RULER-Bench: Probing Rule-based Reasoning Abilities of Next-level Video Generation Models for Vision Foundation Intelligence
Xuming He, Zehao Fan, Hengjia Li, Fan Zhuo, Hankun Xu, Senlin Cheng, Di Weng, Haifeng Liu, Can Ye, Boxi Wu
2025-12-03
Summary
This paper introduces a new way to test how well video generation models can actually *think* and follow rules, not just create visually appealing videos.
What's the problem?
Current methods for evaluating video generation focus on how good the videos *look* – things like if they’re pretty, if they follow instructions, and if the action flows smoothly. However, they don’t really check if the models understand basic rules about how the world works and can apply that understanding when creating videos. We don't have a good way to break down and measure a video model's reasoning skills.
What's the solution?
The researchers created a benchmark called RULER-Bench. This benchmark gives video generation models tasks that require them to use different kinds of reasoning, like understanding cause and effect or spatial relationships. It works with both text prompts and starting images to create videos, and includes over 600 different scenarios. They used a powerful AI, GPT-o3, to score the videos based on how well they followed the rules, and this AI’s scoring closely matched what humans thought. They tested current state-of-the-art models and found they still struggle with reasoning, only getting about 49% on a key measure of rule following.
Why it matters?
This work is important because it highlights a major weakness in current video generation models: they can create impressive visuals, but they don’t necessarily *understand* what they’re creating. By providing a way to specifically measure reasoning ability, this research can help developers build future video models that are more intelligent and capable of truly understanding and representing the world.
Abstract
Recent advances in video generation have enabled the synthesis of videos with strong temporal consistency and impressive visual quality, marking a crucial step toward vision foundation models. To evaluate these video generation models, existing benchmarks primarily focus on factors related to visual perception and understanding, like visual aesthetics, instruction adherence, and temporal coherence.

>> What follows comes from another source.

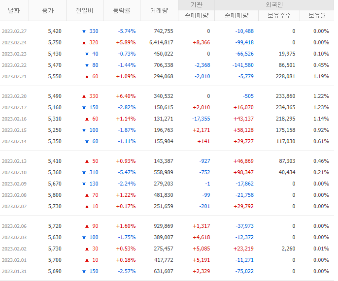 23.02.27 기준 외인은 해당 주식을 보유하고 있지 않습니다.
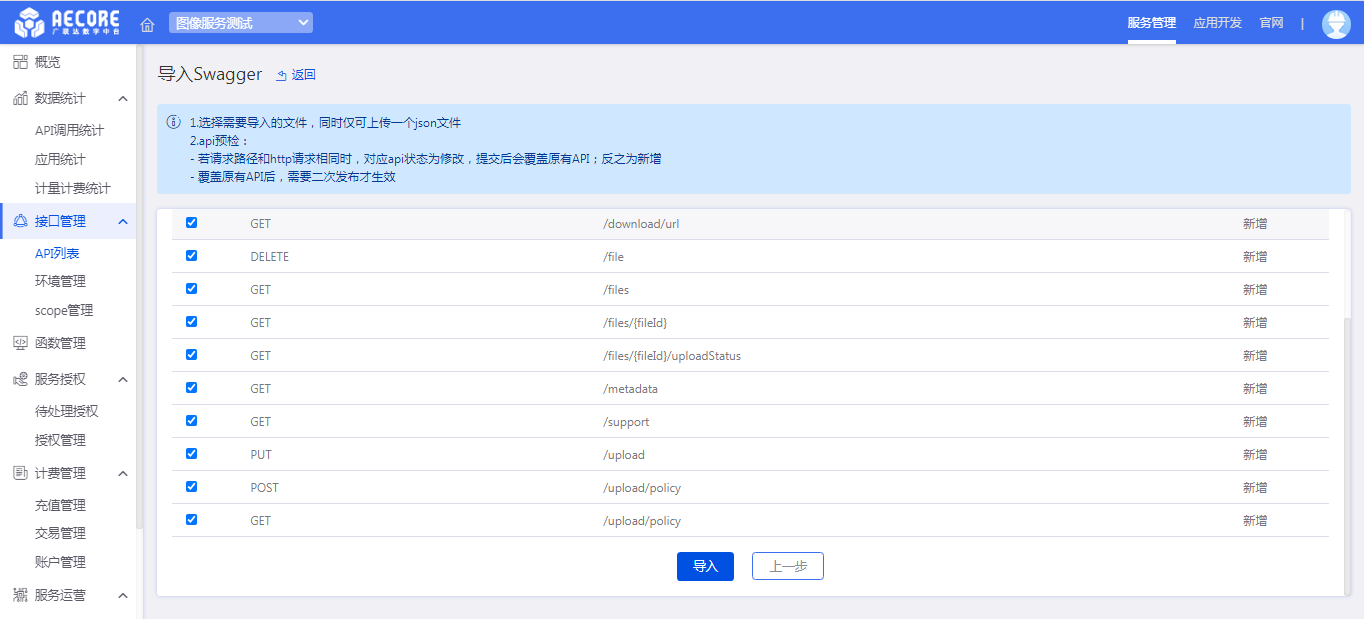 通过swagger导入API增加预检功能,在导入前系统判断该API是否录入过。

However, the rule-based reasoning capabilities of video generation models remain largely unexplored. Although recent studies have carried out preliminary explorations into whether video models can serve as zero-shot learners, they still lack a fine-grained decomposition of reasoning capabilities and a comprehensive evaluation protocol. To address this gap, we introduce RULER-Bench, a benchmark designed to evaluate the reasoning ability of video generation models from the perspective of cognitive rules. Built upon two fundamental paradigms: text-to-video and image-to-video, RULER-Bench covers 40 representative tasks spanning six rule categories with 622 high-quality annotated instances. For the evaluation of each generated video, we construct a checklist covering four metrics and leverage GPT-o3 to assign scores to each question, achieving 85% alignment with human judgements. Extensive experiments show that the state-of-the-art model achieves only 48.87% on the rule coherence metric, highlighting significant room for improvement in the reasoning capability of next-level video models. We expect that the insight obtained from RULER-Bench will facilitate further development of reasoning-aware video generation, advancing video generation models toward vision foundation intelligence.